Like most oat milks served in coffee shops, Ghost Town Oats will be packaged in aseptic shelf-stable cartons so it can be stocked in a storeroom. This is one topic that deeply divides consumers. Indeed, on the very high end of the market, producers who decry the use of plastics and petrochemicals offer their plant milks as a canvas for highlighting all kinds of ingredients purported to benefit health and wellness. 

aMYLK starts with a base of organic almonds or hazelnuts, and may then include such add-ins as catuaba bark, blue butterfly pea powder, and crushed freshwater pearls. Owner Amy Colville and her small staff make all the milks by hand in a small hydraulic press and sell them around Portland, Oregon, for $19 a liter. “I know it sounds a little woo-woo, but all our intention and energy go into it,” Colville says. “We come to the door with an elevated energy.”

aMYLK founder Amy Colville. | Photo by Olivia Ashton

Colville, a former Division 1 athlete, had a stress-induced health crisis that doctors could only call an “autoimmune mystery illness.” Her body broke out in a rash, her eyelashes fell out, and for the first time in her life she began to develop digestive issues. She found that cutting lactose, among other things, from her diet had a big effect. But also, on a more psychological level, she says the intentionality with which she switched to foods that are good for the body and good for the environment made a difference in her overall health. While her core line consists of straightforward offerings like plain, vanilla, or matcha nut milks, she also makes specialty concoctions, such as “I’m Cosmic,” designed to help when Mercury is in retrograde. 
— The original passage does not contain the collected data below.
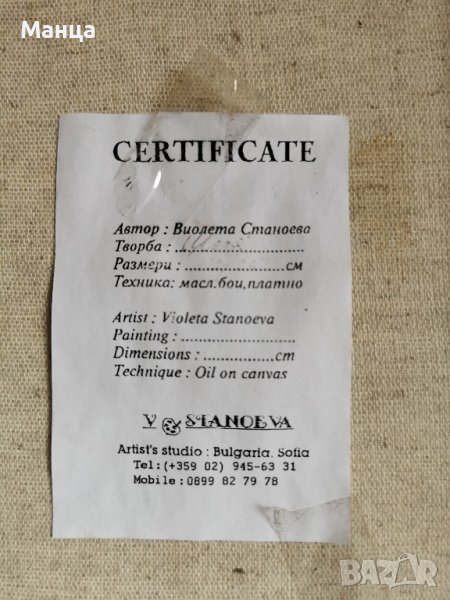 Авторска картина масло върху платно Подписана със сертификат Автор Виолета Станоева Размери 33 на 29 см с рамката и паспартуто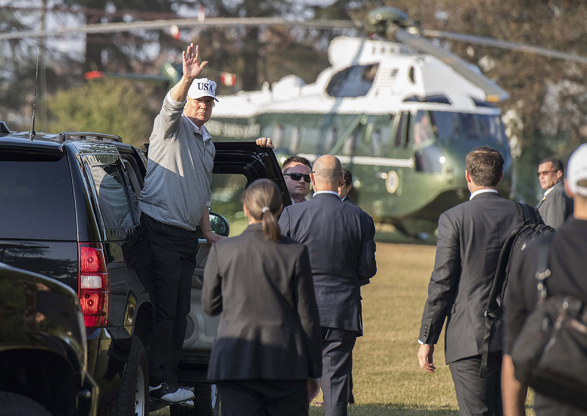 Trump spent the weekend at his Palm Beach estate. He arrived after a Friday night campaign rally in Pensacola, Florida.
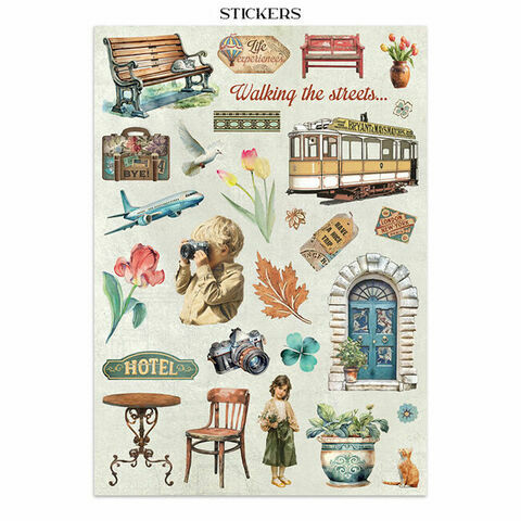 A4 Art of Travelling Junk Journal Stickers, Backgrounds, Cut-Outs - Stamperia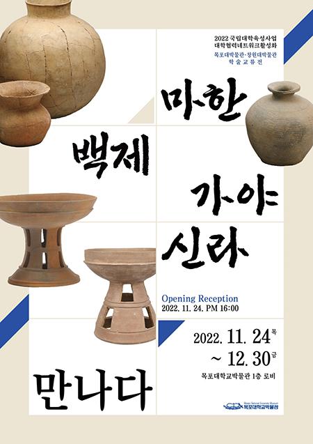 이번 전시는 2022 국립대학육성사업의 지원으로 ‘마한, 백제, 가야, 신라 만나다’란 주제로 기획됐으며, 두 대학에서 조사한 대표유적과 유물들을 통해 영.호남지역 고대인들의 삶과 문화를 조명한다.

Colville owns her beliefs, and she’s not afraid to put it all out there. Posing nude with a bottle of aMYLK on Instagram in 2019, she wrote, “I’m picking a fight on your behalf. I am here to tell you that with little exception the other plant-milks that you are buying are mostly water. They are then packaged in cartons that will never decompose, are not recyclable (without the use of tons of water & chemicals to delayer them) or they’re packaged in plastics that leach chemicals into their products & into your body. They then add ingredients to thicken their plant water, like industrial oil … What is in your milk? What is in your food? What is in the products that you put on your body?” 

In the photo she tagged a number of the largest plant-milk companies. In the comments, Ted Robb, CEO of New Barn Organics, defended his company with an admission: “As a brand trying to reach a broader audience, we work hard to balance integrity and honesty in our practices with the demands of the retail marketplace.”

That marketplace will only get bigger, more segmented, and more ubiquitous. If you haven’t checked out your local Whole Foods lately, you might be surprised to find dozens of plant-based milks vying for your coffee, your smoothie, your gut biome, and your loyalty. 

And did you hear about the next big thing? It’s potato milk—and apparently, it’s quite good.